Donovan Bailey Biography
Hones Sprinting Skills, Captures Olympic Gold, Calls It Quits, Chronology, Awards And Accomplishments
Canadian sprinter Donovan Bailey set the world record in a 100-meter race in 1996, earning the distinction of "world's fastest man." At his peak during the 1996 Summer Olympic Games in Atlanta, the Jamaican-born Bailey ran a record-setting, gold-medal-winning time of 9.84 seconds. With three teammates, he also captured the gold in the 4×100-meter relay. In Canada, his home since age 13, Bailey became a star, if not a national hero. The outspoken athlete gained a reputation for bluntness and bravado, often publicly ridiculing his rivals. He retained his world record until 1999, when American sprinter Maurice Greene outstripped him by 5-100ths of a second. By then Bailey had sustained a nearly careerending Achilles tendon injury; he went on to recover and return to sprinting, retiring in 2001 before his 34th birthday.
Bailey, one of five sons born in Manchester, Jamaica to George and Daisy Bailey, would wake at dawn to help tend to the family's chickens, goats, and pigs before going to school. He moved with his family to the Toronto suburb of Oakville in 1981. Here Bailey attended Queen Elizabeth Park High School, becoming a track and basketball standout. "I could have left high school and run track right away, but that wasn't what I wanted," he told Michael Farber of Sports Illustrated. "I wanted a nice house, money, fast cars. I was taught to work real hard, to work on my own."

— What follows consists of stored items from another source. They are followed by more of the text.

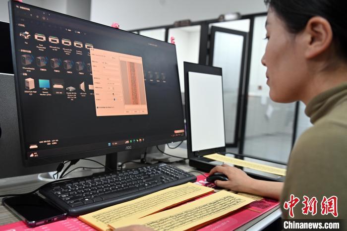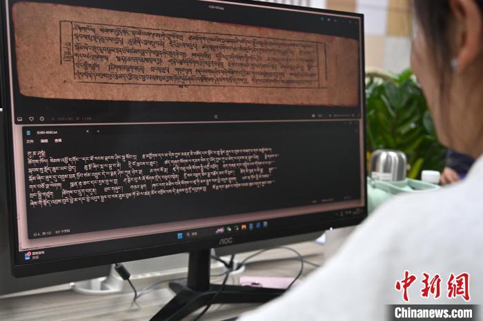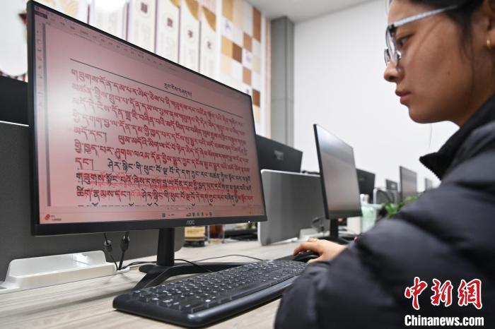 2月27日,在甘肅甘南藏族自治州碌曲縣益西達(dá)吉科技有限公司內(nèi),工作人員正在進(jìn)行藏文古籍?dāng)?shù)字化相關(guān)工作。該公司主要從事民族古籍?dāng)?shù)字化建設(shè)和古籍文獻(xiàn)數(shù)據(jù)庫建設(shè),自2019年以來,承擔(dān)西藏、四川、甘肅等省區(qū)的藏文古籍?dāng)?shù)字化項(xiàng)目。圖為工作人員用該公司研發(fā)的藏文信息處理系統(tǒng)對(duì)古籍?dāng)?shù)字化內(nèi)容進(jìn)行檢查。中新社記者 九美旦增 攝
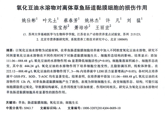 氧化豆油水溶物對離體草魚腸道黏膜細(xì)胞的損傷作用
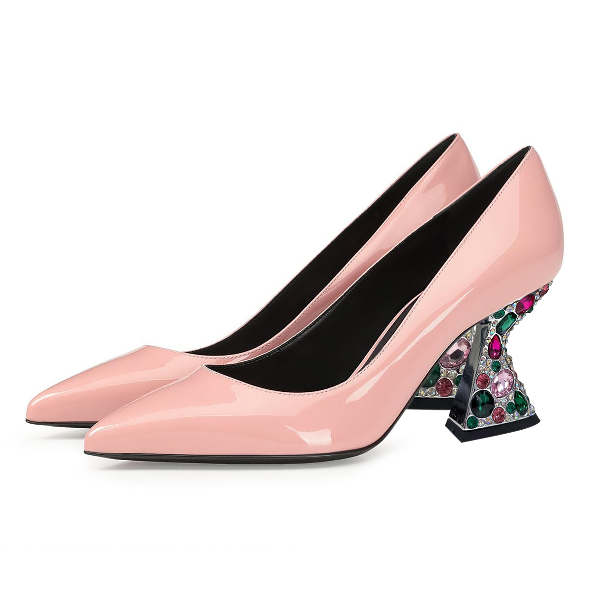 Light Pink Patent Leather Pointed Rhinestone Embellished Pumps
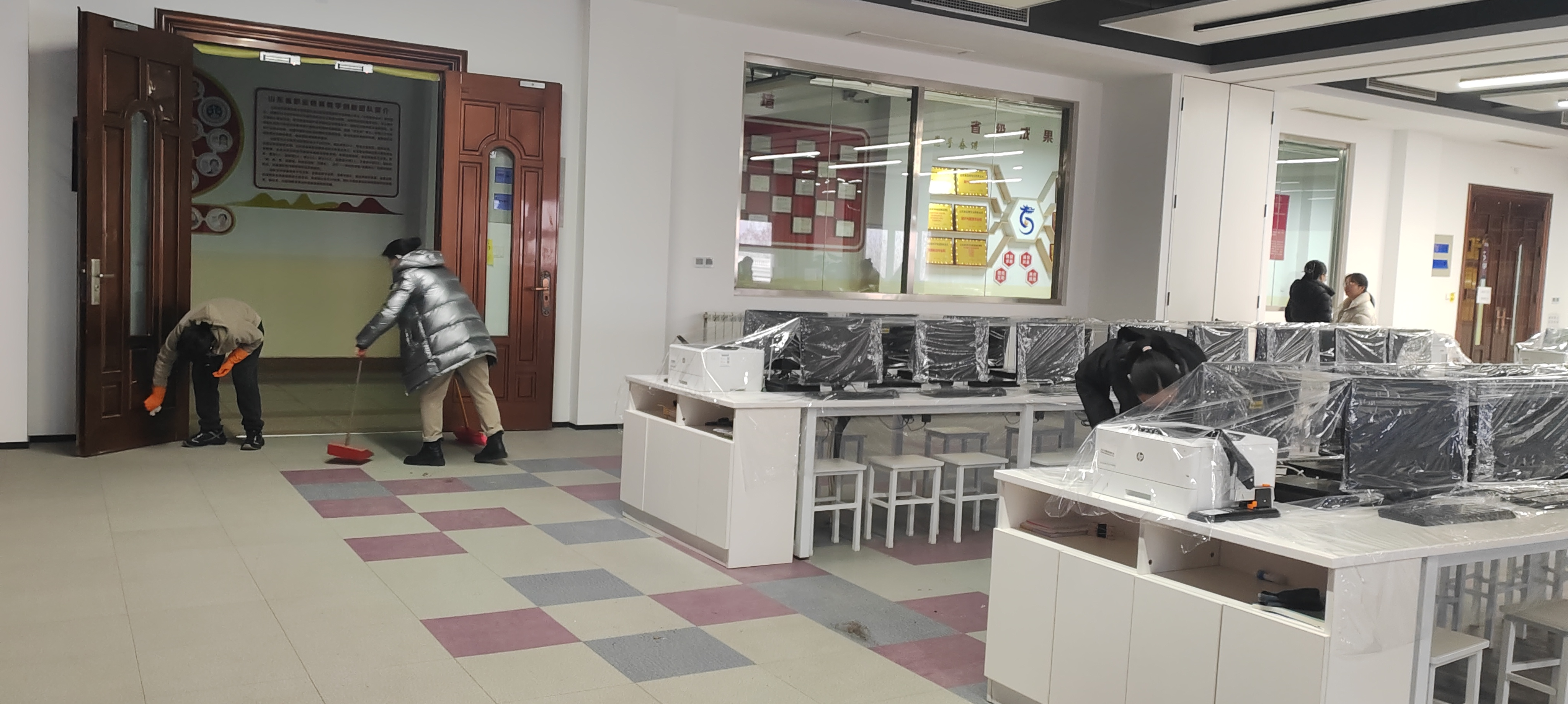 老师们热情满满、分工协作,手持扫帚、抹布、拖把等清洁工具,开启了细致全面的清洁工作。办公区内,大家各司其职、默契配合,认真归置桌面文件、擦拭门窗玻璃、拖扫地面灰尘、清理角落杂物,让每一处办公空间窗明几净、整齐有序;产业基地里,老师们针对实训场地、设备周边、通道区域等重点位置逐一清扫,仔细擦拭实训设施、规整实训物料、清除卫生死角,全力为后续实践教学、产业实训打造干净整洁的实训环境。从办公区到产业基地,处处都是老师们忙碌的身影,大家相互帮忙,欢声笑语间,原本稍显沉寂的区域焕然一新,春日里的校园更添了几分清爽与生机。
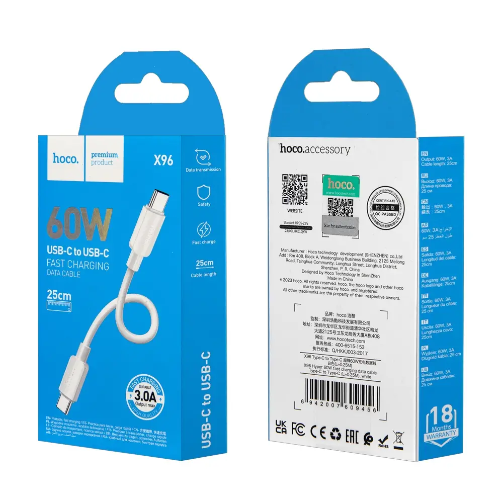 Кабель X96 Type-C на Type-C 0.25m 3A 60W HOCO белый
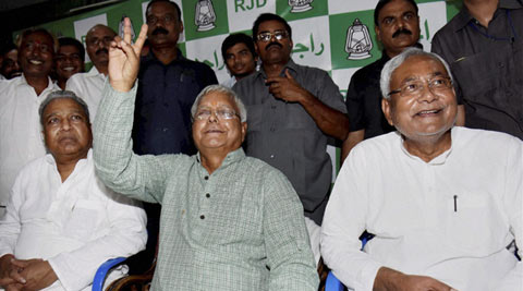 Bihar Chief Minister Nitish Kumar and RJD chief Lalu Prasad after Mahagathbandhan’s (Grand Alliance) victory in Bihar assembly elections at RJD office in Patna on Sunday. (Source: PTI)
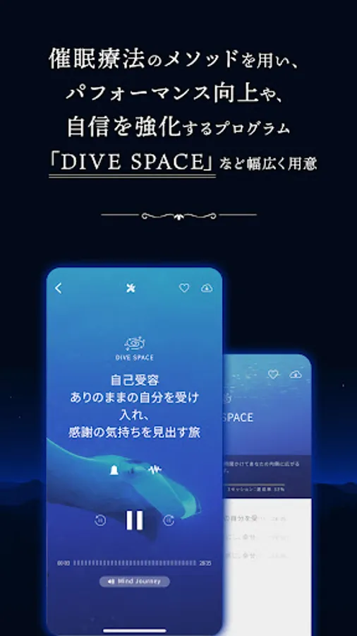 ・ Meditation program "DIVE SPACE" that uses hypnosis methods to improve work performance and strengthen the image of self-confidence and success.

Bailey attended Sheridan College in Oakville, playing forward for one season on the basketball team. Graduating with a degree in economics, he set out to accomplish his material goals. A self-made businessman, Bailey worked as a marketing and property consultant, and ran a business importing and exporting clothing. At 22 he bought a house in Oakville and drove a Porsche 911 convertible. But track and field still lured him, and in 1991 he began to train seriously as a sprinter.